Tobiko and Masago themselves are gluten free. However, some commercially made Tobiko are made with soy sauce, rice vinegar, and other ingredients that may contain gluten. Be wary of how the Tobiko is prepared as it may use additives that aren’t gluten free, despite the main ingredient being a gluten free sushi roll. 

What is Tobiko?

Tobiko is the Japanese word for flying fish roe, which is mainly used in different types of sushi. If you didn’t know, fish roe is just another way of saying fish eggs. These eggs are normally a orangish color, but different ingredients and spices are added to change the color and taste. For example, sometimes yuzu is added to make the eggs appear more yellow and squid ink is sometimes used to make them black. 

As Tobiko is simply a fish egg, the main ingredient is gluten free. But as mentioned earlier, it’s preparation with other ingredients may change the overall dish. 

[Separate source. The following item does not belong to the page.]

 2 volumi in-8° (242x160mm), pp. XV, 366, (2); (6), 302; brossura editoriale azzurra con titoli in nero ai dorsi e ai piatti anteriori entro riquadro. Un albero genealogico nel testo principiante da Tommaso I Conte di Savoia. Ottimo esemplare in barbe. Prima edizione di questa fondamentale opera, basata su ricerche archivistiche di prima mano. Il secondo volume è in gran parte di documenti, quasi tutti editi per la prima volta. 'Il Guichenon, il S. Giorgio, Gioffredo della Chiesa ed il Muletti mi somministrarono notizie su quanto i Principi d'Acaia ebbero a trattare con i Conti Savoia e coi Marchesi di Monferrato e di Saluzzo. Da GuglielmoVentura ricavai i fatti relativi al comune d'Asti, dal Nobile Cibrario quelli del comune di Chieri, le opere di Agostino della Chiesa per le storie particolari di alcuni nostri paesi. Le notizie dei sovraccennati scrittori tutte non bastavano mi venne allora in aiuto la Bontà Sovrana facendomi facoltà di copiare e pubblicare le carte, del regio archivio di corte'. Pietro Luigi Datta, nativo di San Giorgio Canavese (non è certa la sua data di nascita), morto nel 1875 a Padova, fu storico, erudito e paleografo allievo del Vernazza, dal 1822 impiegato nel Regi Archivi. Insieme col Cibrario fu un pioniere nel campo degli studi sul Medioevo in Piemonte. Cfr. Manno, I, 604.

flying fish roe substitute

Is Tobiko Healthy?

This question will be met with some yes’s and some no’s as it’s opinion based. While there are some downsides to Tobiko, the overall composition of Tobiko can be healthy. 

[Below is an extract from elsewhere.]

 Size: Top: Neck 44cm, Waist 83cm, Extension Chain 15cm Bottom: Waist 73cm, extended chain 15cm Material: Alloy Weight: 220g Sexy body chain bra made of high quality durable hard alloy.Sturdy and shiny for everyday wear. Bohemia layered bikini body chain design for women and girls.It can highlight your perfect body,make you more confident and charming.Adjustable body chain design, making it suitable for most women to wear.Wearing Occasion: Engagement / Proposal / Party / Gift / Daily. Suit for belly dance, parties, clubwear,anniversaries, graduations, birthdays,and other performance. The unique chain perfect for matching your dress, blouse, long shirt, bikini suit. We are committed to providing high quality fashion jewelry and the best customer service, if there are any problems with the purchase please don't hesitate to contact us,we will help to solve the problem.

These fish eggs have a lot of protein and omega-3 fatty acids. In addition to it’s high protein content, Tobiko contains phospholipids that help to protect the heart and provide numerous health benefits such as reducing inflammation and improved cognitive ability. 

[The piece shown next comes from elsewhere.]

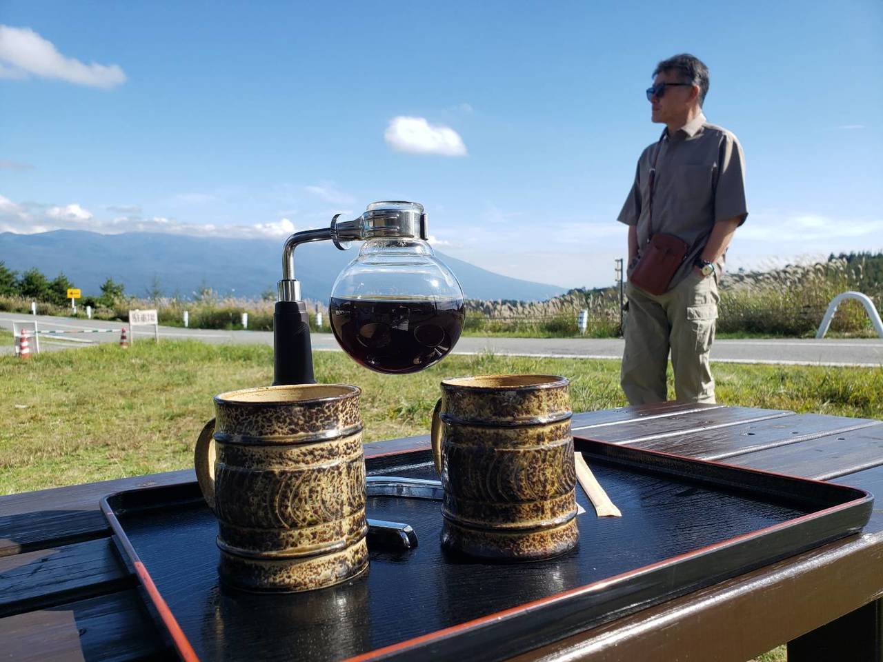 大自然の中でいただくソフトクリームとサイフォンで淹れてくれたコーヒーは最高でした。

However, there are downside to Tobiko, such as being high in cholesterol. This isn’t much of an issue for most as Tobiko is usually served in small amounts. 

Is Tobiko Vegan?

No, generally Tobiko is not considered vegan as the fish eggs are normally cut out of the fish and the fish dies. This also goes for vegetarians as well, since anyone that follows a vegetarian diet but eats fish is normally referred to as a pescatarian. 

Tobiko Substitute

A good substitute for Tobiko is Masago. Masago is another fish roe and is similar to Tobiko. The taste between the two is very similar, but Masago is less crunchy and a slightly yellower hue. 

Masago isn’t the only substitute though, most fish roe can be used as a substitute, especially in sushi. 

Summary

So while Tobiko is gluten free as a fish egg, commercially available selections of it may not be. Depending on the sauces and other ingredients in the dish (usually sushi), you might have to be worried about gluten if you have celiac’s disease.